Look for potential hotspot structural variants by applying filters to all SVs called by DELLY.
Some code adapted from Ronak Shah's check_cDNA_contamination.py.
usage: detect_hotspot_sv.py [-h] [-s sample_name] [-t n] [-hsl hotspot_list]
[-bl black_list] [-kgl keep_genes]
[--iAnnotateSV iAnnotateSV.py]
[--genome {hg18,hg19,hg38}]
structural_variants.vcf /path/to/output_directory/
positional arguments:
structural_variants.vcf
VCF with deletion event calls
/path/to/output_directory/
Directory to put output in
optional arguments:
-h, --help show this help message and exit
-s sample_name, --sample-name sample_name
Prefix [default: filename of in_vcf]
-t n, --threshold n Output must have at least this many qualifying PE
support. [default: 1]
-hsl hotspot_list, --hotspotFile hotspot_list
path to list of hotspots
-bl black_list, --blackListGenes black_list
path to list of black list genes File
-kgl keep_genes, --genesToKeep keep_genes
path to list of genes to keep file
--iAnnotateSV iAnnotateSV.py
path to iAnnotateSV.py script [default: /home/shahr2/g
it/iAnnotateSV/iAnnotateSV/iAnnotateSV.py]
--genome {hg18,hg19,hg38}
Reference genome version to use during annotation
[default: hg19]
$ python detect_hotspot_sv.py example.vcf ./ -s my_sample -hsl /path/to/hotspotlist -kgl /path/to/geneToKeep -bl /path/to/blacklist
<output directory>/<sample name>.hotspot_sv_final.txt
: a one-line, tab-delimited list of sample name and its structural variants- Intermediate files in
<output directory>/scratch/
- Python 2
- pandas
- gridmap
- iAnnotateSV and its required modules
- iCallSV
- PyVCF
- Filter the input VCF for any events occuring i defined hotspots
- Convert the filtered VCF to tab-delimited input format for iAnnotateSV, using iCallSV.dellyVcf2Tab
- Annotate using iAnnotateSV
- Merge Annotation with VCF with iCallSV.mergeFinalFiles
- Filter merged files with iCallSV.fiterAnnotatedSV
Wrapper to run detect_hotspot_sv.py
python run_detect_hotspot_sv_analysis.py -h
usage: run_detect_hotspot_sv_analysis.py [options]
Run processed-psuedogene_analysis on selected pools/samples using MSK data
optional arguments:
-h, --help show this help message and exit
-mif folders.fof, --metaInformationFile folders.fof
Full path folders and sample names of files.

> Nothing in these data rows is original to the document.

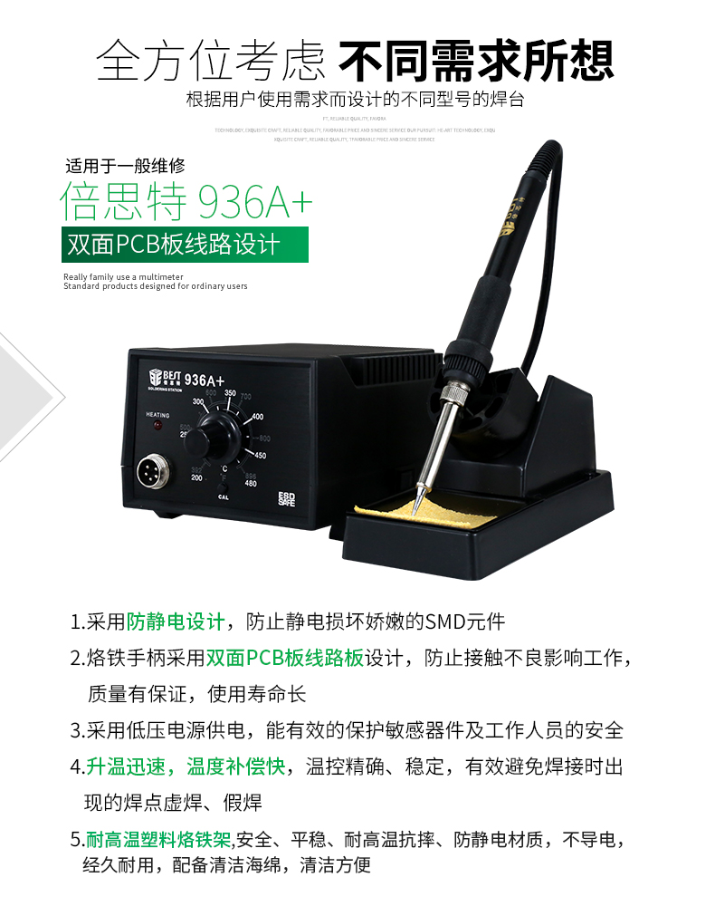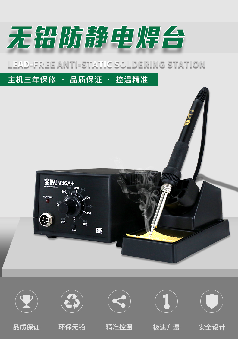 返回当前位置: 首页 / 产品中心 / BST-936A+ 防静电恒温电烙铁 工业拆焊台 手机维修拆焊台(黑色)
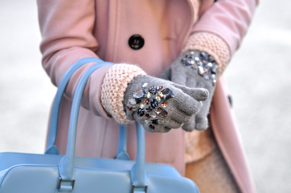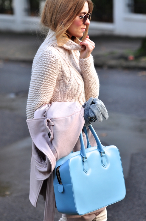 Many of us have greeted the falling temperatures with the decision to put on darker outfits. So far I have not been any exception to this rule – I tend to put on more colourful and pastel shades during the spring-summer period. However, yesterday I went for powder pink along with a beautiful pale-blue bag.
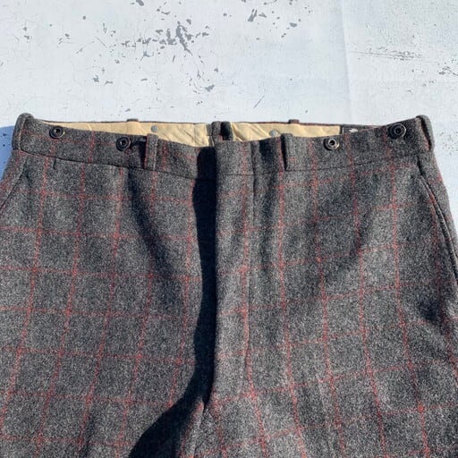 50年代ころのWoolrich ウールパンツです。正式名称はMalone Wool Trousers。肉厚なへヴィーウールを使用しており、保温しも高い1本です。グレーにレッドとグリーンのチェックが大人な雰囲気です。タグは古いタイプで、40年代のREG表記から50年代になり変更となった®となります。フロントはTALONジッパー、ウエストにはサスペンダーボタンが付属します。ウエストはW40と大きめですので、ベルトで絞って穿いても良いですが、サスペンダーで合わせていただいてもおしゃれです。裾のパイピングに若干のダメージはございますが、その他は良好です。この年代で、ここまでゆったりしているサイズのMalone Wool Trousersはあまり出ないと思いますので、この機会に是非いかがでしょうか?
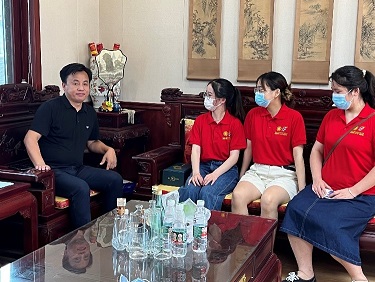 2022年8月17日晚,調研團成員通過騰訊會議召開線上例會,在進一步交流與商討后,確定了具體的調研流程與訪談提綱,以確保線下調研有效開展。2022年8月17日早九點,陳一凡等同學首先到宿遷市洋河國御酒業股份有限公司、江蘇夢蘇名酒業有限公司和宿遷市洋河鎮洋之雀酒業有限公司進行參觀,了解各公司的生產情況和地下水利用情況,并對洋河國御酒業股份有限公司的經理朱士建先生進行了專題訪談,深入探訪中小型酒企對于水權交易的看法。在整個訪談過程中,朱先生親切幽默,整體的交流氛圍輕松融洽。

-qc /some/path/qcLocation, --qcLocation /some/path/qcLocation
Full path qc files.
-P /somepath/python, --python /somepath/python
Full path Pyhton executables.
-dhs /somepath/detect_hotspot_sv.py, --detecthotspotsv /somepath/detect_hotspot_sv.py
Full path processpsuedogene.py executables.
-ias /somepath/iAnnotateSV.py, --iAnnotateSV /somepath/iAnnotateSV.py
Full path iAnnotate.py executables.
-q all.q or clin.q, --queue all.q or clin.q
Name of the SGE queue
-qsub /somepath/qsub, --qsubPath /somepath/qsub
Full Path to the qsub executables of SGE.

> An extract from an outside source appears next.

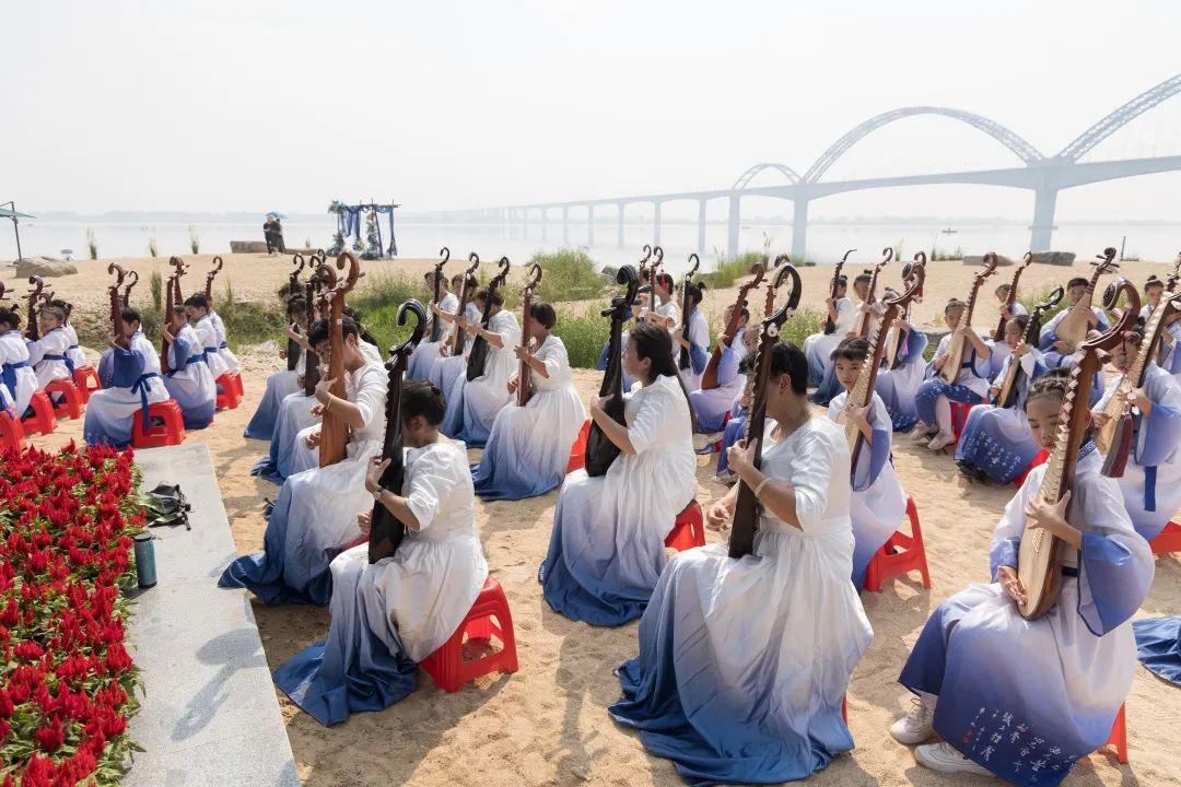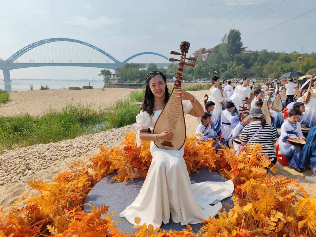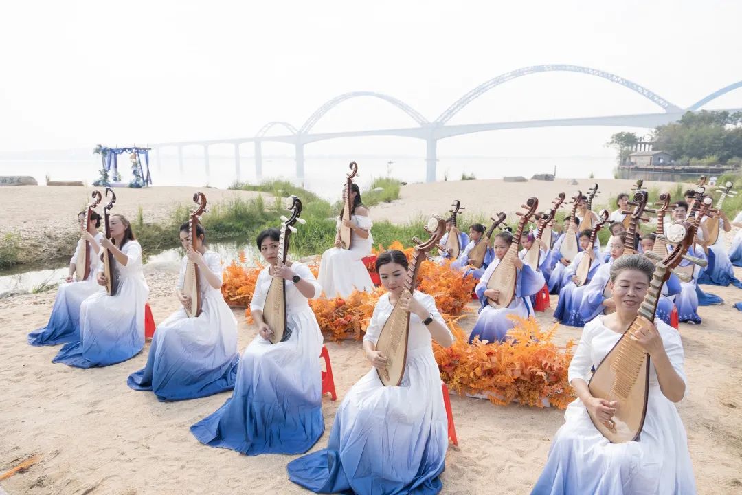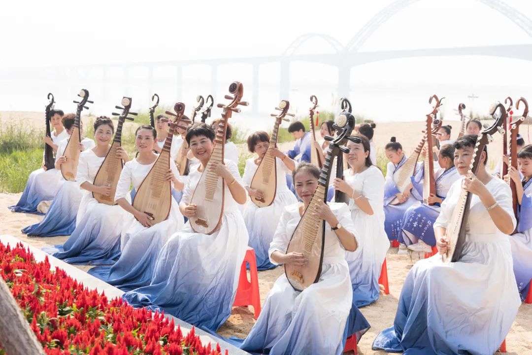 《爱祖国 爱家乡》由“五乐琵琶”总经理汪婷倾情领奏,百余名琵琶人共同演奏。悠扬动听的琵琶声响彻了凤林古渡,我们用最美琴声祝福伟大的祖国!

-t 5, --threads 5 Number of Threads to be used to run process-psuedogene
analysis on
-v, --verbose make lots of noise [default]
-o /somepath/output, --outDir /somepath/output
Full Path to the output dir.
-hsl hotspot_list, --hotspotFile hotspot_list
path to list of hotspots
-bl black_list, --blackListGenes black_list
path to list of black list genes File
-kgl keep_genes, --genesToKeep keep_genes
path to list of genes to keep file
$ python run_detect_hotspot_sv_analysis.py -mif /location/to/meatdata.txt -qc /dmp/qc/location/path -dhs /path/to/detect_hotspot_sv.py -ias /path/to/iAnnotateSV.py -q sge_queue_name -qsub path/to/qsub -t 1 -o /path/to/output/directory -v -hsl /path/to/hotspotlist -kgl /path/to/geneToKeep -bl /path/to/blacklist
Tab separated file with header:
Run | MRN | Mnumber | LIMS_ID | DMP_ASSAY_ID | 12245 |
---|---|---|---|---|---|
PoolName | SomeID | SomeID | SomeID | SomeID | Flag(0,1) |
From here: The Run and LIMS_ID are required.